IFRS for SMEs

29 May 2011



Definition of an SME
A small and medium sized entity (SME) is an entity that does not have public accountability and publishes general purpose financial statements for external users (such as the owners, creditors and bankers). Therefore, an SME is not defined by size but by its accountability to the public.A company will cease to be an SME if its shares are traded on a stock exchange.
 
Reasons for developing IFRS for SMEs
IFRSs were not designed specifically for listed companies. However, in many countries the main users of IFRSs are listed companies. Currently, SMEs who adopt IFRSs have to follow all the requirements, but not all SMEs take exception to applying IFRSs because it gives their financial statements enhanced reliability, relevance and credibility, and results in fair presentation. However, other SMEs will wish to apply simplified or different standards relevant to SMEs because some IFRSs are unnecessarily demanding and some of the information provided is not used by users of SME financial statements.

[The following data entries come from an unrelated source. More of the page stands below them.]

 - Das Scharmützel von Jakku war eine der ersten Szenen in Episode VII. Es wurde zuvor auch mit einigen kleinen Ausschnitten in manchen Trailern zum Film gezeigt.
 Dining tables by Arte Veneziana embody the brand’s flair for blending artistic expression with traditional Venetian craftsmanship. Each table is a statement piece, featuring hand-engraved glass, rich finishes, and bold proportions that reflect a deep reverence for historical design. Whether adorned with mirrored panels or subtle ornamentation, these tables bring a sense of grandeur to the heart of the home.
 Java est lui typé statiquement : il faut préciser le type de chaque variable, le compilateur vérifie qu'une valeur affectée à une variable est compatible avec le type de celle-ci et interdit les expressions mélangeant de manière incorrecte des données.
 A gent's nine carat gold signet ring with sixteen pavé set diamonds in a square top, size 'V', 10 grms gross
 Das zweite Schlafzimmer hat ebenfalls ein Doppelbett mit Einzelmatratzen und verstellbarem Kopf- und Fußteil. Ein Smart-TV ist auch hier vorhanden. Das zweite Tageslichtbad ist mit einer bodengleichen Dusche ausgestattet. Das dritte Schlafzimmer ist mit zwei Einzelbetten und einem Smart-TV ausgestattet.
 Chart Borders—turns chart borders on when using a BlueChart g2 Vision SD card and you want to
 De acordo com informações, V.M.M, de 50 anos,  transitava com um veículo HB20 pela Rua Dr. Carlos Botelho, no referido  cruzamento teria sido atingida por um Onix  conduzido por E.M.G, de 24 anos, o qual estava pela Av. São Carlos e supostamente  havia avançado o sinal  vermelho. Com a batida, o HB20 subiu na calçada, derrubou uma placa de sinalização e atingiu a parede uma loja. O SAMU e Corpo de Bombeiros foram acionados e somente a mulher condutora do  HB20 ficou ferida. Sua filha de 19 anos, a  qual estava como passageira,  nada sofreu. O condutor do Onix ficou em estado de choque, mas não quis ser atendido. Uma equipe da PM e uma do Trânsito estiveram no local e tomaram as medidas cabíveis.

Some SMEs may also require different financial information as compared to listed companies. For example, expanded related party disclosures may be useful as SMEs often raise capital from shareholders, directors and suppliers, and directors often offer personal assets as security for bank finance. In addition, the cost of applying the full set of IFRSs may not be justified on the basis of user needs. The purpose and usage of the financial statements, and the nature of the accounting expertise available to SMEs will not be the same as for listed companies.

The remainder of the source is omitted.